Binary Classification

What is Binary Classification?

Binary classification in the context of spatial analysis involves categorizing the cells of a raster dataset into two distinct classes or groups. This process is essential for simplifying complex raster data by reducing it into a binary format. Each pixel in the raster is assigned a value of either 0 or 1, representing the two classes. This type of classification is often used to separate areas of interest from a background, such as distinguishing water bodies from land or classifying areas as urban or non-urban.

When would you use Binary Classification?

You would use binary classification when there is a need to simplify raster data into two distinct categories for analysis. It is particularly useful in situations where decision-making is based on the presence or absence of certain features. Examples include:

  • Identifying flood-affected areas in satellite imagery.
  • Demarcating vegetation cover versus non-vegetated regions.
  • Separating built-up and non-built-up areas in urban planning studies.
  • Detecting changes in land use by classifying areas pre and post-change event.

FAQs

How do I choose the criteria for classification?

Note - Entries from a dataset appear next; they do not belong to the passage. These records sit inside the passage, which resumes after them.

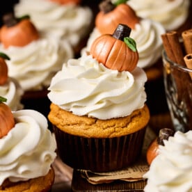 Get ready to bake moist, flavorful, and perfectly spiced Gluten-Free Pumpkin Cupcakes! Finished with a sweet, creamy buttercream frosting, these easy yet elevated cupcakes are the ideal Fall treat for any occasion.
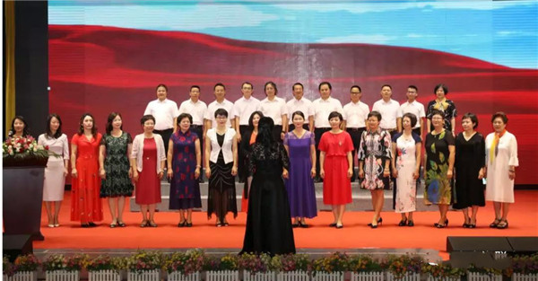 最后,由省潮联妇委会班子成员及校友会秘书长们共同登台合唱《我和我的祖国》。在激情高昂的旋律和温暖热烈的气氛中,“最美潮人家庭”表彰大会落下帷幕。
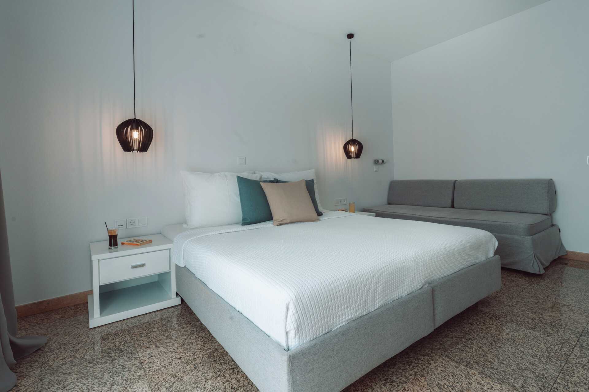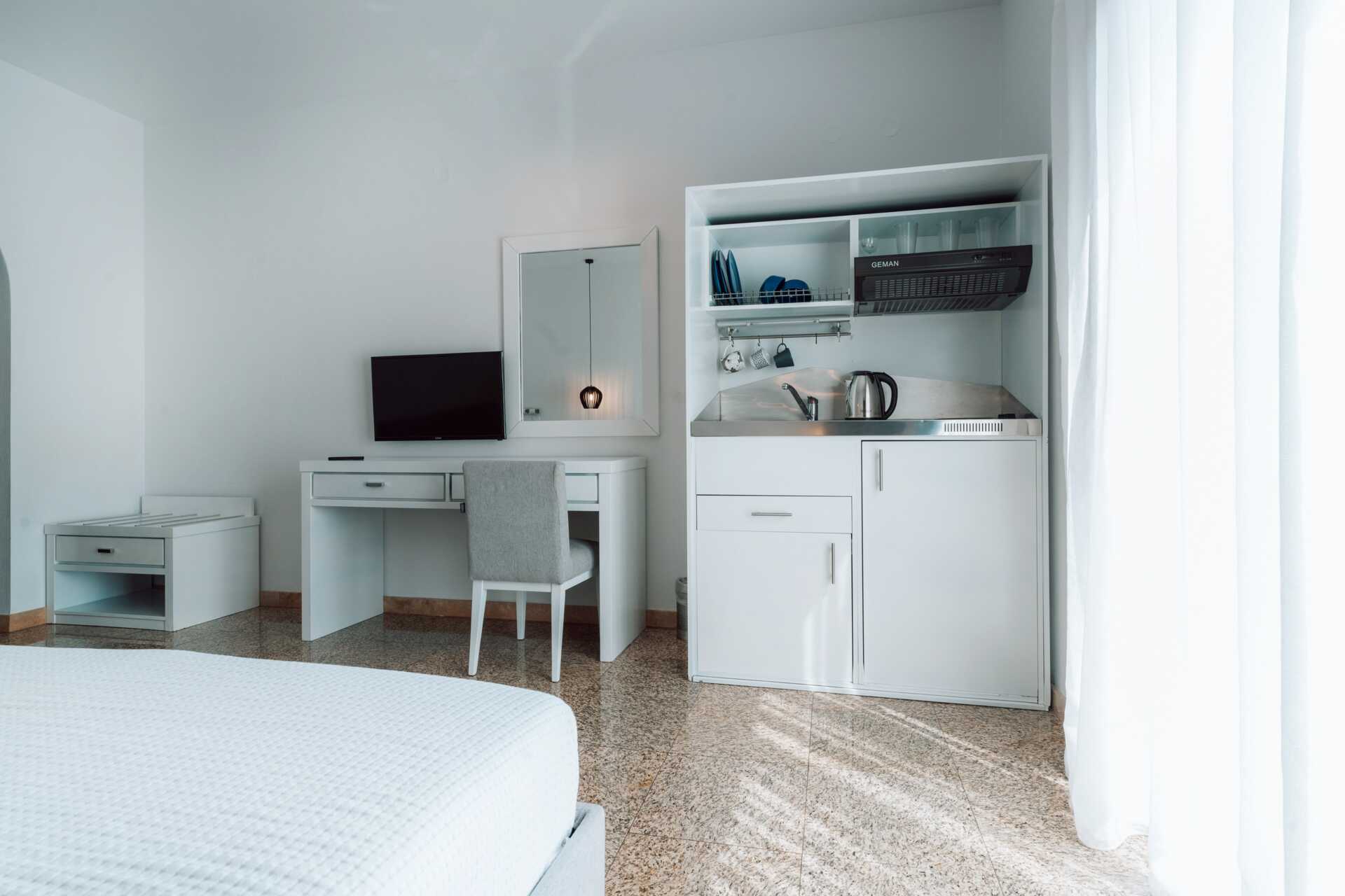 Toromsleilighet med balkong eller terrasse eller med markterrasse. Det er ingen dør mellom soverommet og stuen med minikjøkken. En dobbeltseng eller to enkeltsenger. Mulig med en ekstraseng i sovesofa. Minikjøkken med kokeplater, kjøleskap, vannkoker og enkelt kjøkkenutstyr. Wifi, safe og luftkondisjonering inkludert. TV. Hårføner. Dusj og wc. Rengjøring 7 ggr/uke.
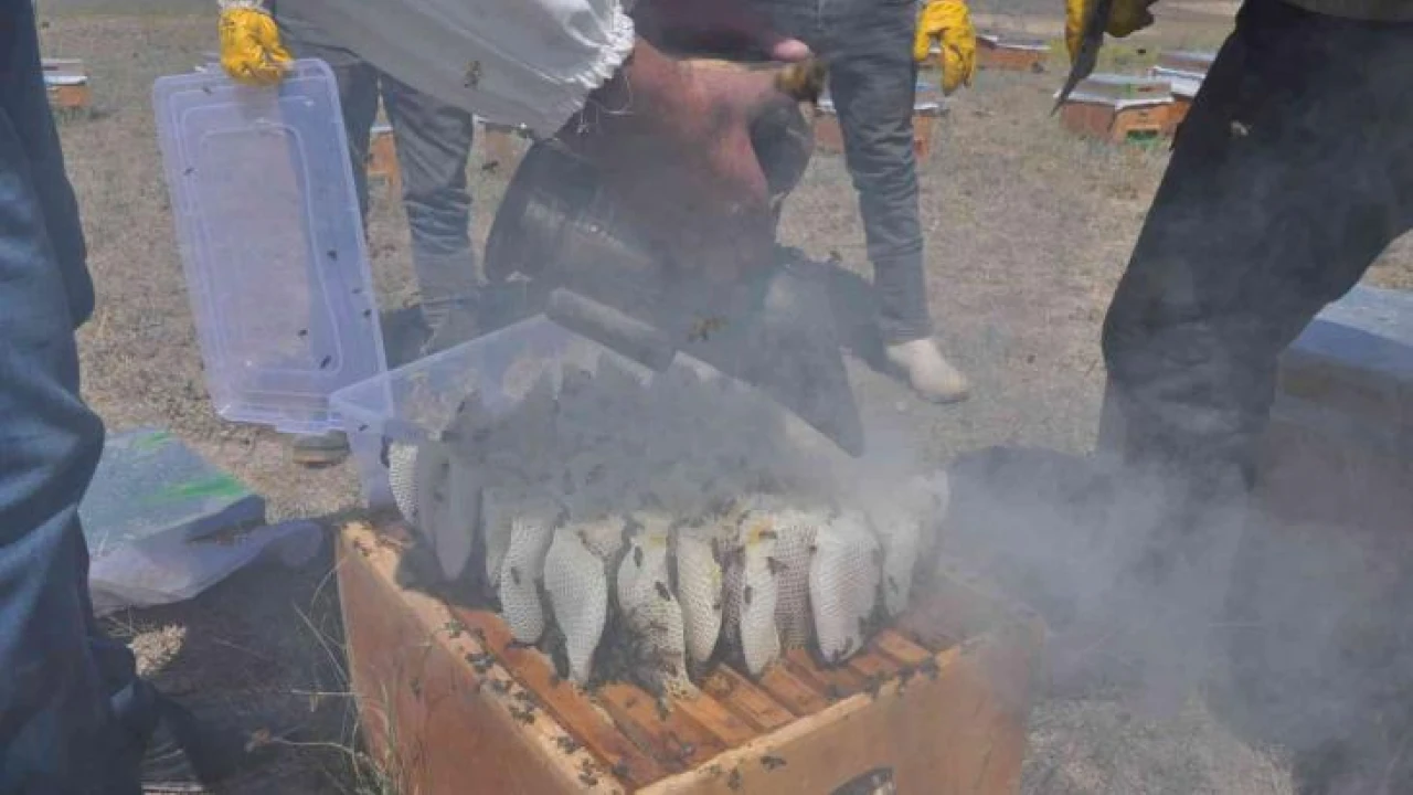 Bin 900 rakımlı Digor yaylasına ilkbaharda Iğdır’dan getirdiği 300 kovanın bal hasadına başlayan 3 çocuk babası Murat Suner, yüzüne taktığı özel maskeyle kovanların arasında duman çıkaran körük yardımıyla arıları uzaklaştırıyor. Çalışanlarla birlikte tek tek petekleri çıkararak ve kutulara koyan Suner, 3 kuşaktan beridir dede mesleğini icra ederek ailesini geçimini sağlıyor.
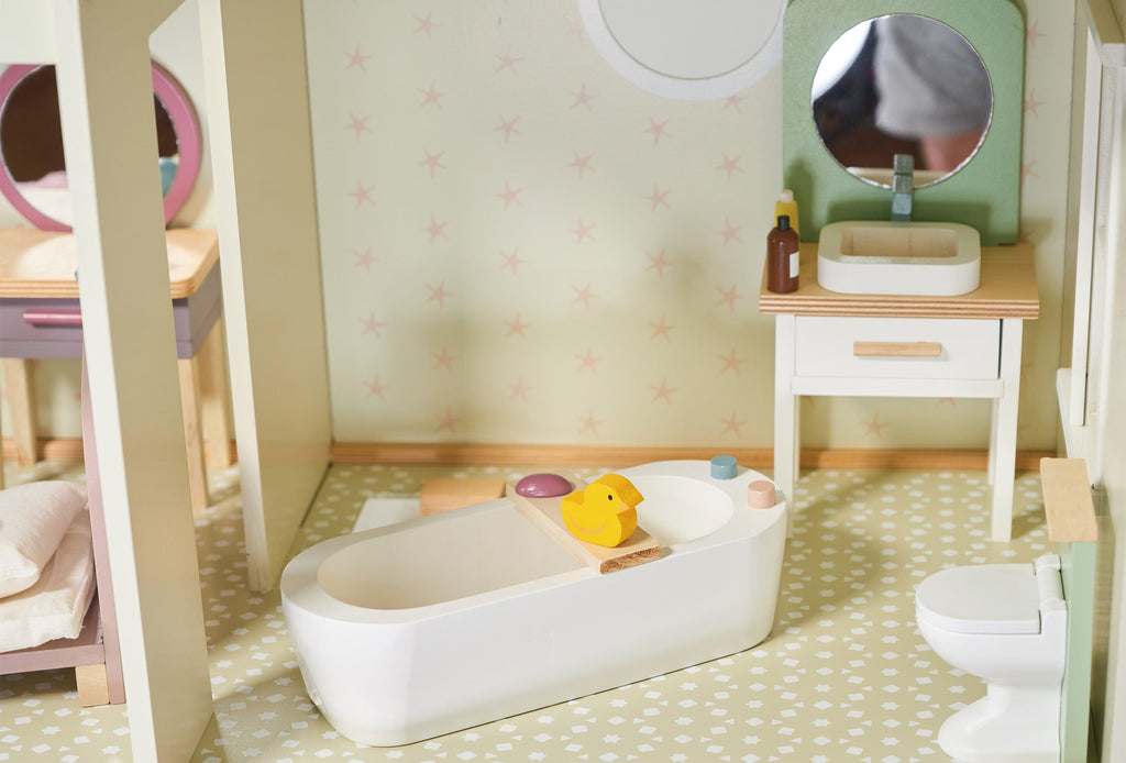 A large open-fronted wooden dolls house scaled for 9.84” / 25cm dolls. Beautiful contemporary soft colours and detailed illustrations make this house unique and premium. The gabled roof and attic space, opening shutters and front door with windows at the back panel allow light to flood into the spacious interior. Access to a balcony on the second floor gives extra interest and space to play. Furniture included.
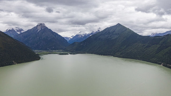 這是巴松措湖景色(2020年7月31日攝,無(wú)人機(jī)照片)。 新華社記者 孫非 攝
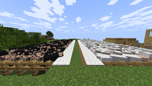 The Great Sheep Massacre occured on July 27, 2025 in which 600+ sheep were murdered. Those involved in this massacre were AM7999, beancans, hexQJ, and ashley143. The sheep were divided by race in their pens shown to the right and slaughtered... Despite the tragic event that occured, the sheep were used in the making of THE SIGN, one of the main monuments of the server.
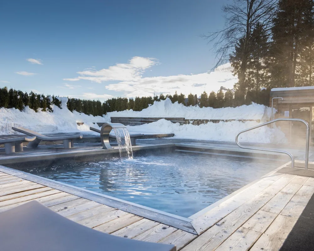 Moderno centro benessere con con sauna finlandese, bio-sauna, vasca a reazione, docce emozionali, aree relax, piscina coperta con idromassaggio e cascata. Tutto compreso
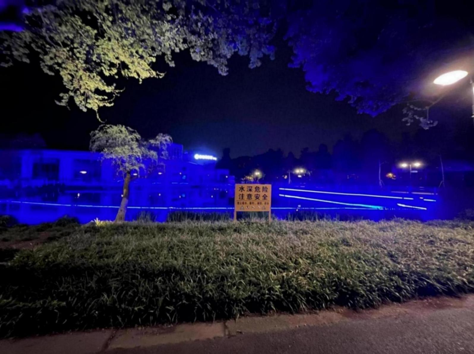 4月18日當(dāng)晚近11時(shí),臧東灝敏銳地發(fā)現(xiàn),鏡天湖上,有一束白光閃過。“估計(jì)是偷偷夜釣的人。”臧東灝隨即拿起對(duì)講機(jī),通知最近的保安人員過來一起查看??上У氖?,等到工作人員趕到湖邊時(shí),疑似垂釣者已經(jīng)隱入黑幕中。
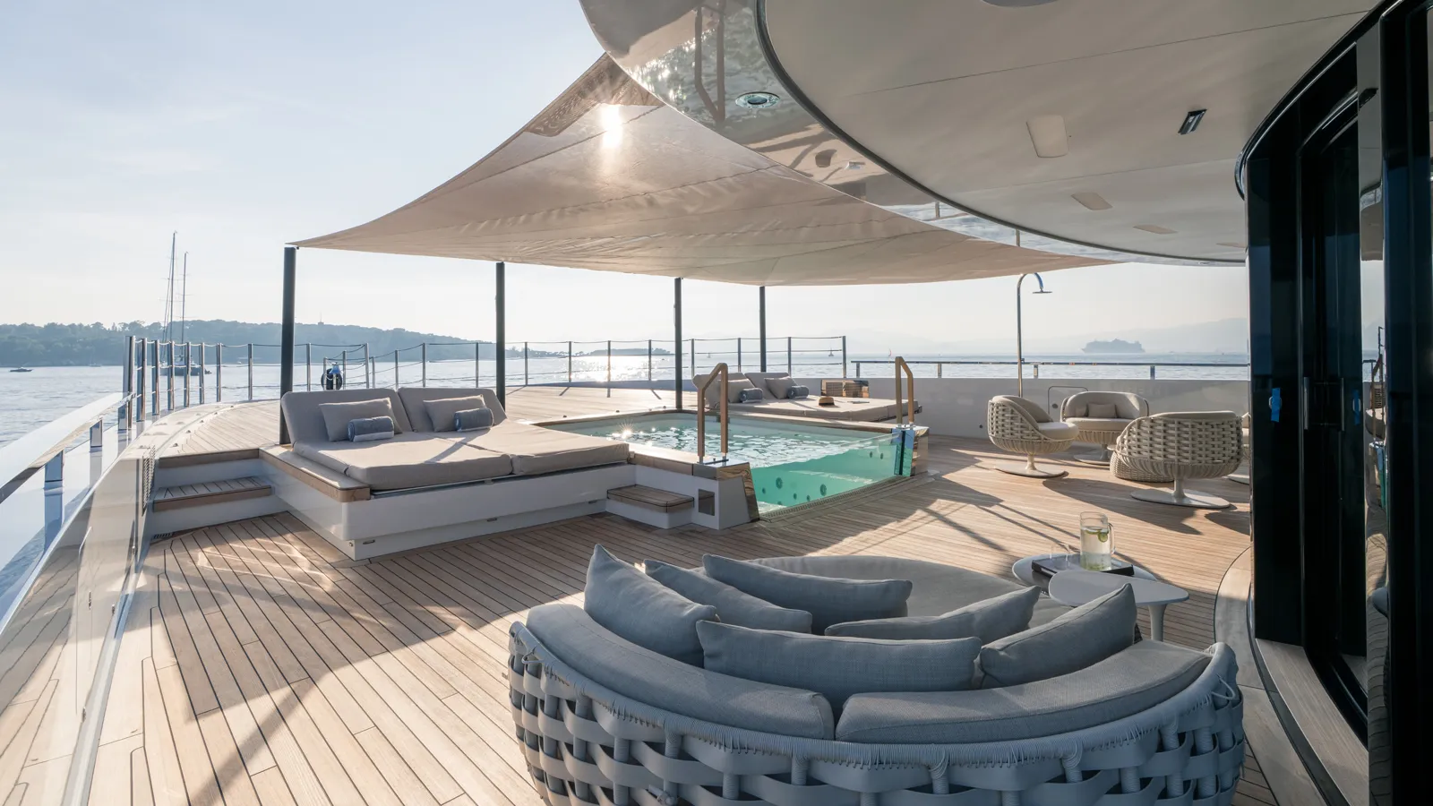 The lower deck hosts a beach club with fold‑out platforms, a lounge and bar, and direct access to the water. A wellness area with a hammam, treatment room and gym is also included, alongside crew accommodation for up to 16 and a tender garage.
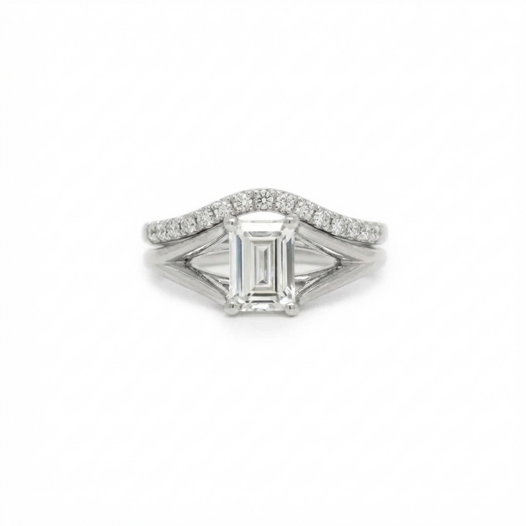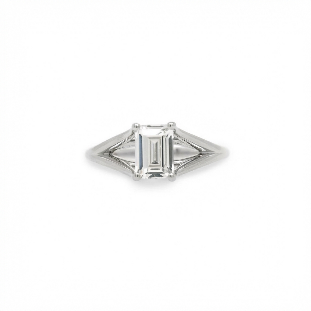 The Charlotte Ring captures the quiet poetry of love in its purest form. Designed with an open, airy setting, its delicate prongs gently lift the center stone toward the light, allowing it to shimmer from every angle. The design feels effortlessly graceful—light, elegant, and timeless—like a promise carried on a whisper.✨

Select criteria based on the specific features or attributes that need to be distinguished in your analysis. These criteria can be thresholds set on pixel values, such as spectral reflectance values corresponding to certain land cover types.

What data input do I need for a binary classification?

You need a raster dataset that includes quantitative data which can be split into two legitimate categories based on your specified criteria.

Can binary classification be applied to multi-band images?

Yes, binary classification can be performed on multi-band images by examining each band separately or through indices derived from multiple bands, such as the Normalized Difference Vegetation Index (NDVI) for vegetation classification.

Is preprocessing required before running binary classification?

Preprocessing steps such as radiometric correction, geometric correction, or noise filtering may be necessary to enhance the accuracy of the classification output.